Exercise description: Your task is to retype, word for word, the lines from the start of the data through the line holding "Просторная терраса позволит". Do not include the pictures.

Dataset records:
══════
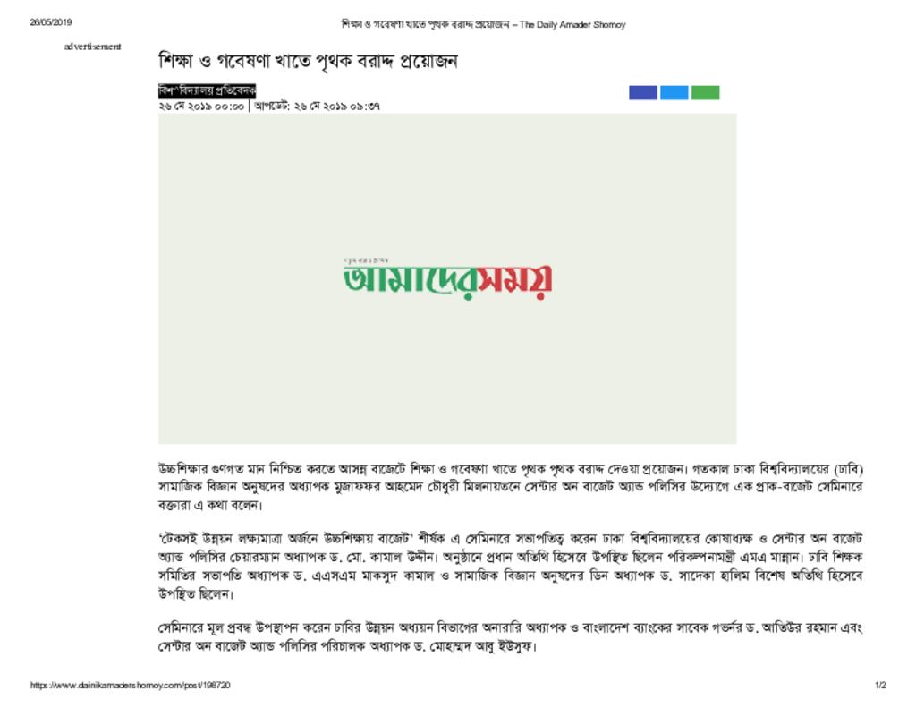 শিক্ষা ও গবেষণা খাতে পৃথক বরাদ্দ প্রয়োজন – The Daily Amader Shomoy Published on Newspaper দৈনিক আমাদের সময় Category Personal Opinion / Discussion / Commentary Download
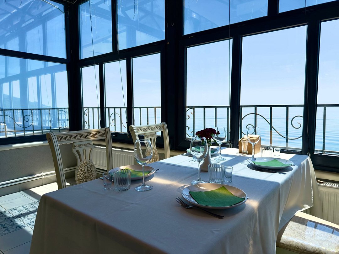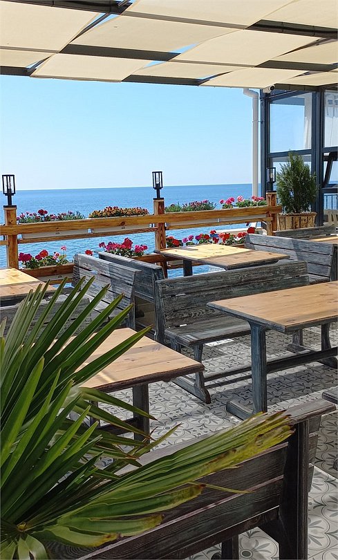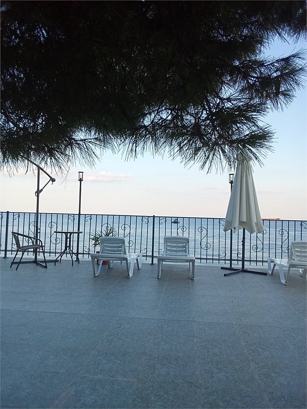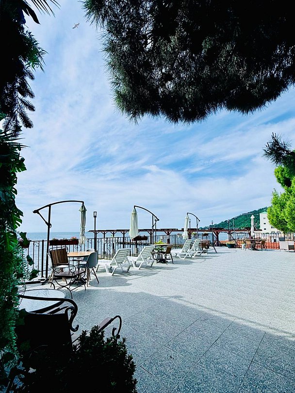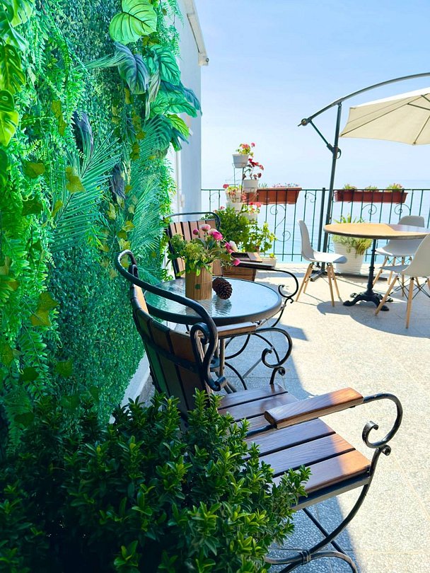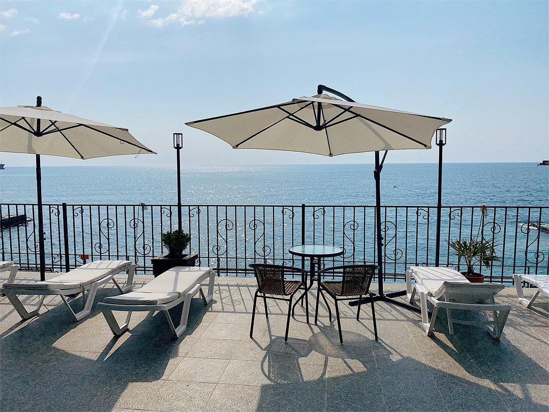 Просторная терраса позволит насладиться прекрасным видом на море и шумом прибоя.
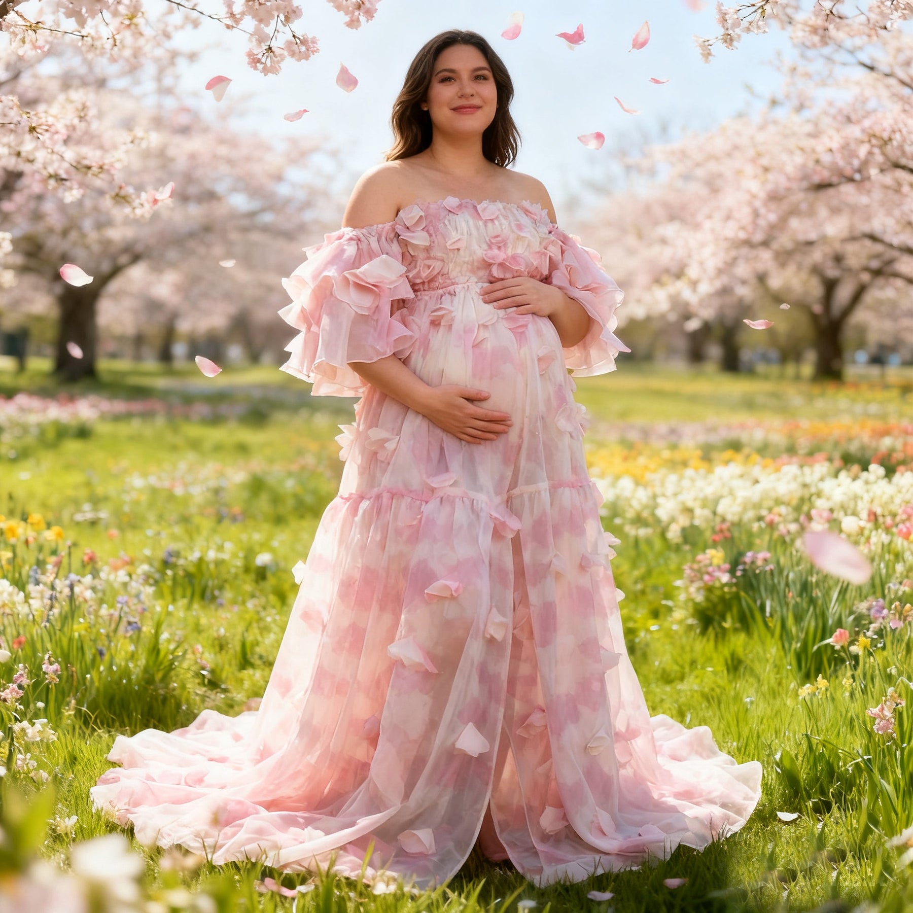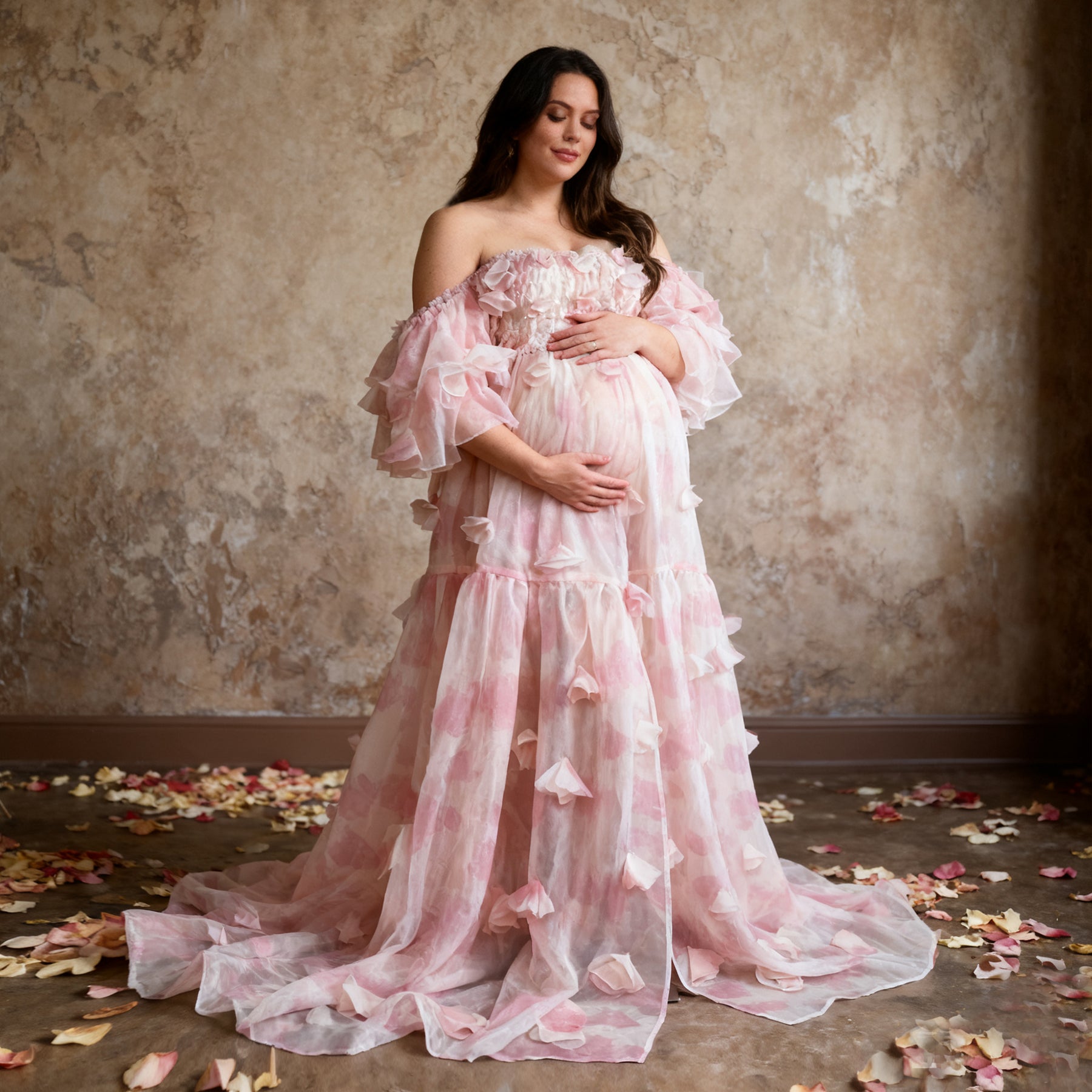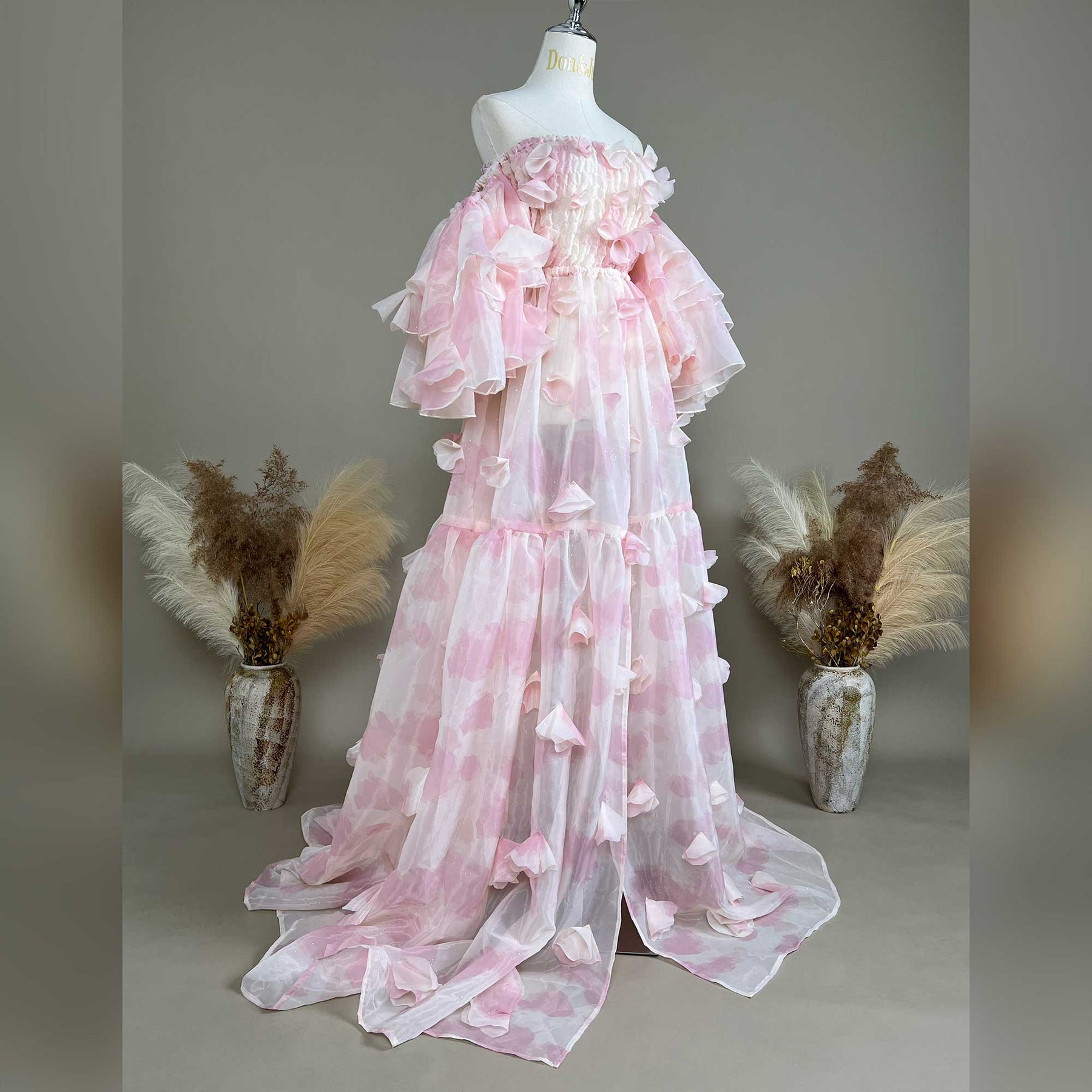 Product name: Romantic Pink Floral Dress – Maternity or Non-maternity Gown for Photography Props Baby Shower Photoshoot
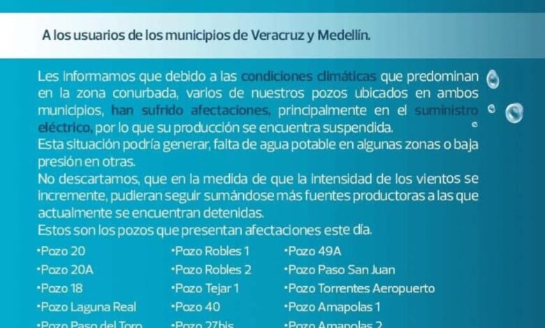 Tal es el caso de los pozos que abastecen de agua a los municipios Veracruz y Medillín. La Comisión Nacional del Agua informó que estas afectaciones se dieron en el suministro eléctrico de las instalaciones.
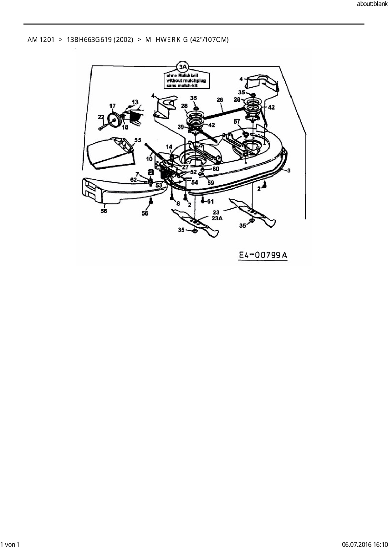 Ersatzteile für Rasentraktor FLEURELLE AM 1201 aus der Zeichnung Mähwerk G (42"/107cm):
══════
Written response:
 শিক্ষা ও গবেষণা খাতে পৃথক বরাদ্দ প্রয়োজন – The Daily Amader Shomoy Published on Newspaper দৈনিক আমাদের সময় Category Personal Opinion / Discussion / Commentary Download
 Просторная терраса позволит насладиться прекрасным видом на море и шумом прибоя.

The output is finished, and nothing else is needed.